- **Work to be completed**
In the listing that follows, find the line with "S_600759C - EARRINGS", then copy exactly from it through the line with "Gucci Футболка LUX-61357", leaving out every picture.

- **Dataset entries**

------------------------

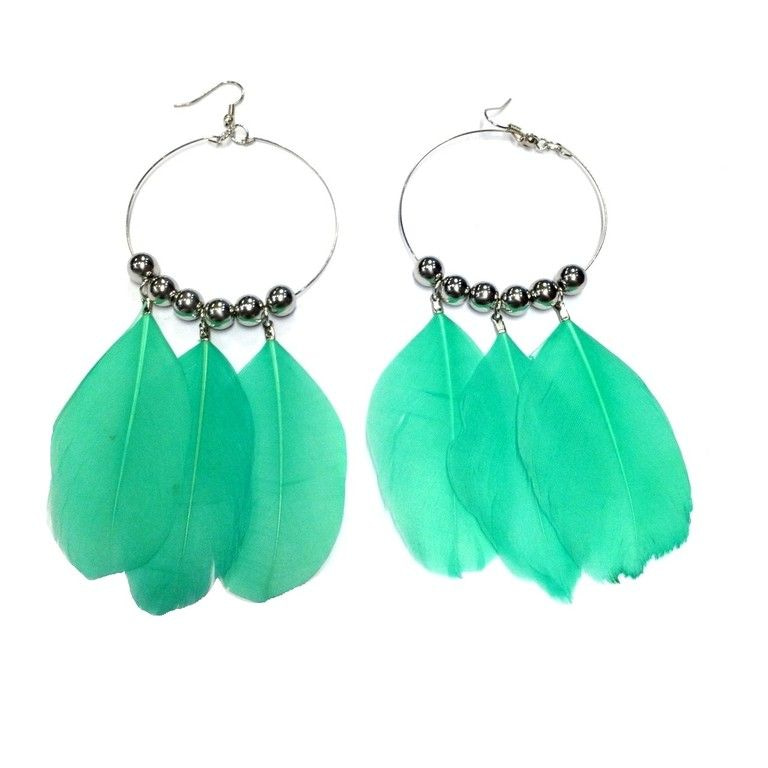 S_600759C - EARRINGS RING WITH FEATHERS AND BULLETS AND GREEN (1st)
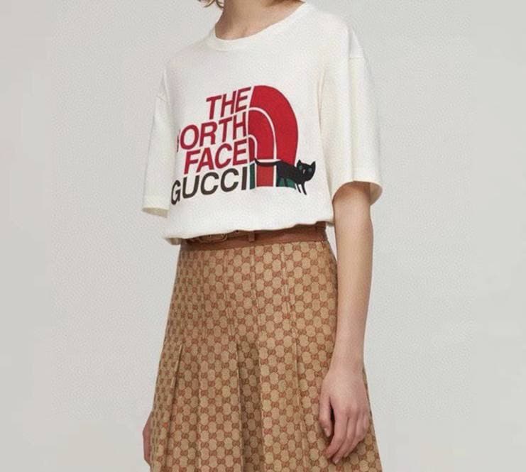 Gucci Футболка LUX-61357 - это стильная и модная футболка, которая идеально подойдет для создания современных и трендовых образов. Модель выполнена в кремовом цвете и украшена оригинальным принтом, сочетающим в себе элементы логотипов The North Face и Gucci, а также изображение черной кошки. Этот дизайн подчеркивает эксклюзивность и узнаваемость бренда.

------------------------

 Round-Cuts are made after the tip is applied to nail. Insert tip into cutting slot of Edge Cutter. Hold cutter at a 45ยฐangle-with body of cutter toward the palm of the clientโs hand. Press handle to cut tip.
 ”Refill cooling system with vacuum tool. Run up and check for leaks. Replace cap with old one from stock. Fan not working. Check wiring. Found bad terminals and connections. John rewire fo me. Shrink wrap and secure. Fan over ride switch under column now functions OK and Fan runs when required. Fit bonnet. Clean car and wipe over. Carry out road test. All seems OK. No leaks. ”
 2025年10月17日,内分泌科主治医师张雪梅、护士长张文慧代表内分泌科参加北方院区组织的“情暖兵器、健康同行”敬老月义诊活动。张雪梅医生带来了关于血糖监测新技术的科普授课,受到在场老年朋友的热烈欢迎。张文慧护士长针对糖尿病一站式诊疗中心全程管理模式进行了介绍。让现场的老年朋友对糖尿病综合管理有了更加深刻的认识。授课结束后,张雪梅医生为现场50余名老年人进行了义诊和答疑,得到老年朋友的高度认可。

------------------------

- **Answer for this exercise**
 S_600759C - EARRINGS RING WITH FEATHERS AND BULLETS AND GREEN (1st)
 Gucci Футболка LUX-61357 - это стильная и модная футболка, которая идеально подойдет для создания современных и трендовых образов. Модель выполнена в кремовом цвете и украшена оригинальным принтом, сочетающим в себе элементы логотипов The North Face и Gucci, а также изображение черной кошки. Этот дизайн подчеркивает эксклюзивность и узнаваемость бренда.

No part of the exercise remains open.